FieldTypeDescriptionExample
are_equalBOOLEANTrue if the two DataFrames are considered equal under the configured rules: same row count, same set of column names, all shared columns equal row-by-row within the numeric tolerance, and (if enabled) equal index. False if any of these checks fail. Commonly used to drive pass/fail branching or validation gates.false
reportSTRINGJSON-formatted string describing the comparison. It contains a `summary` object with row counts and column lists for each named DataFrame plus an overall `are_equal` flag; a `columns` object keyed by column name, where each entry includes presence flags for each DataFrame, whether that column is fully equal, and counts of matching versus mismatching rows; and, if `compare_index` is true, an `index` object with index names and an `are_equal` flag for the index. This structure is suitable for logging, alerting, or downstream JSON parsing.{"summary": {"expected_results": {"row_count": 1000, "columns": ["user_id", "balance", "timestamp"]}, "actual_results": {"row_count": 1002, "columns": ["user_id", "balance", "timestamp"]}, "are_equal": false}, "columns": {"user_id": {"exists_in_expected_results": true, "exists_in_actual_results": true, "are_equal": true, "num_rows_match": 1000, "num_rows_mismatch": 2}, "balance": {"exists_in_expected_results": true, "exists_in_actual_results": true, "are_equal": false, "num_rows_match": 998, "num_rows_mismatch": 4}, "timestamp": {"exists_in_expected_results": true, "exists_in_actual_results": true, "are_equal": true, "num_rows_match": 1000, "num_rows_mismatch": 2}}, "index": {"name_in_expected_results": null, "name_in_actual_results": null, "are_equal": false}}

Important Notes

  • Performance: The node compares values row-by-row for each shared column and then accounts for row-count differences. On very large DataFrames this can be slow and CPU-intensive; for large-scale validation, consider sampling rows, restricting to key columns, or splitting comparisons across multiple runs.

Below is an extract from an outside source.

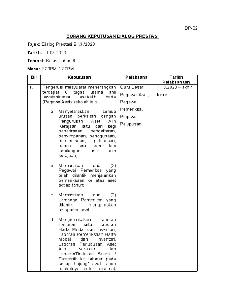 Borang Keputusan Dialog Prestasi Tajuk Dialog Prestasi Bil 3 2020 Tarikh 11 03 2020 Tempat Kelas Tahun 6 Masa 2 30pm 4 30pm Bil Keputusan Pelaksana Tarikh Pelaksanaan

  • Limitations: Column matching is based on column names, not positions. Any extra or missing columns on either DataFrame will cause the overall are_equal flag to be false, even if all shared columns match perfectly.
  • Behavior: When compare_index is true, differing index values, index order, or index name will cause are_equal to be false. Index comparison results appear in the index section of the JSON report and also influence the global equality decision.

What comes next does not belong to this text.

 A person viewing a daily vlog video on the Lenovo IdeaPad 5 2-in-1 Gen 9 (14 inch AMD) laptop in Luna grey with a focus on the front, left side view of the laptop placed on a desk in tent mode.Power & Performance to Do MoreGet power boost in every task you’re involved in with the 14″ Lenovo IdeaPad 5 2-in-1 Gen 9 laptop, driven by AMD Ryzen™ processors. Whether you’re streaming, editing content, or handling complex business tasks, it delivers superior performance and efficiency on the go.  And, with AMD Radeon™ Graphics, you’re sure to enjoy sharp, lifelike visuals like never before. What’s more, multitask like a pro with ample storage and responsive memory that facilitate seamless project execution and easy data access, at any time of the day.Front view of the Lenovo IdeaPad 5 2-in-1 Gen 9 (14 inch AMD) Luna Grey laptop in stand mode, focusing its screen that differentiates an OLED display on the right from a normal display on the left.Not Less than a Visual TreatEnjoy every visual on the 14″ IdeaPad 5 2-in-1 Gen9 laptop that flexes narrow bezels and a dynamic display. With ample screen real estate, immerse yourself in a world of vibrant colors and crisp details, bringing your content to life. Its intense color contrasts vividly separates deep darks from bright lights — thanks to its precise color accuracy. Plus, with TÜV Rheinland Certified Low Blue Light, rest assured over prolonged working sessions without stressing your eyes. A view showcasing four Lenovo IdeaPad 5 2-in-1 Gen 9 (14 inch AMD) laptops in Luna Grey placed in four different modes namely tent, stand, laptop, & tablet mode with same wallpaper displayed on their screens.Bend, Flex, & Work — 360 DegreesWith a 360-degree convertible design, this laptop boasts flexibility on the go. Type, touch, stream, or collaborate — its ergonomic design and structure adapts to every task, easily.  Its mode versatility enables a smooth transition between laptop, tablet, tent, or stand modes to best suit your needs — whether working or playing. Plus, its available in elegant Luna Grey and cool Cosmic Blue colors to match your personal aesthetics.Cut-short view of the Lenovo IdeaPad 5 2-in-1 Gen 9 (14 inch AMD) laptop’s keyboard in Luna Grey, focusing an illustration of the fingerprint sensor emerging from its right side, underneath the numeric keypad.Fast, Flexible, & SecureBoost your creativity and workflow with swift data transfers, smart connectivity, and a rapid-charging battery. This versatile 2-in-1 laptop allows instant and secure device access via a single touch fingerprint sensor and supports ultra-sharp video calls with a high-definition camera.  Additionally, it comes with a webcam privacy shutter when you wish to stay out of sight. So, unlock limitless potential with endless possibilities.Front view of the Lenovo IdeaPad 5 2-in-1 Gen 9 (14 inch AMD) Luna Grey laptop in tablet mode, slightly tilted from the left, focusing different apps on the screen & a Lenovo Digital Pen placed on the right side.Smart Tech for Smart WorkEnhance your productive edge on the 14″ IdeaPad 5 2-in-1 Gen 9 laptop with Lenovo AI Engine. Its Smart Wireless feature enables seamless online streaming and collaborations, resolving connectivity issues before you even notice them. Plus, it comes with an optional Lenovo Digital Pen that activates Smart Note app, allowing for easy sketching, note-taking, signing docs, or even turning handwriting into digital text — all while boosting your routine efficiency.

  • Behavior: Numeric values (including numeric lists and numpy arrays) are compared after rounding to float_tolerance_digits_after_dot decimal places and there is explicit handling for NaN and nested arrays. An overly strict tolerance can flag harmless floating noise, while an overly loose tolerance might hide very small but real differences.

Troubleshooting

  • Equality fails when data looks the same: Inspect the JSON report to see whether specific columns or the index are marked unequal. If differences are only in floating-point precision, increase float_tolerance_digits_after_dot. If the index differs but is not important for your logic, disable index comparison with compare_index = false.
  • Columns reported as missing or extra: When the columns section shows exists_in_<name> as false for some columns, the two DataFrames have different column sets or naming conventions. Align schemas upstream by renaming columns, selecting consistent subsets, or dropping unused fields before comparing.

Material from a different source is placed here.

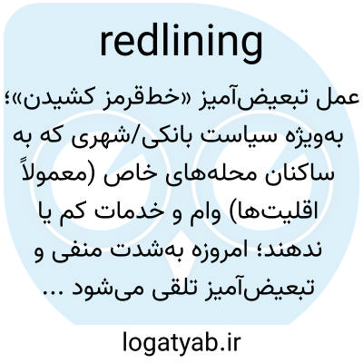 📌 یک رویه تبعیض‌آمیز که از طریق آن بانک‌ها، شرکت‌های بیمه و غیره، وام‌ها، رهن‌ها، بیمه و غیره را در مناطق جغرافیایی خاص، به ویژه محله‌های مرکزی شهر، رد یا محدود می‌کنند.

  • Index differences cause unexpected failures: If the index section has are_equal set to false but you only care about the cell values, set compare_index to false so the final equality ignores index mismatches.
  • Report output is large or hard to consume: Wide tables or many columns can generate a sizeable JSON report. To keep logs and dashboards manageable, compare a filtered DataFrame with only critical columns, or post-process the report string downstream to retain only the summary section for storage or alerting.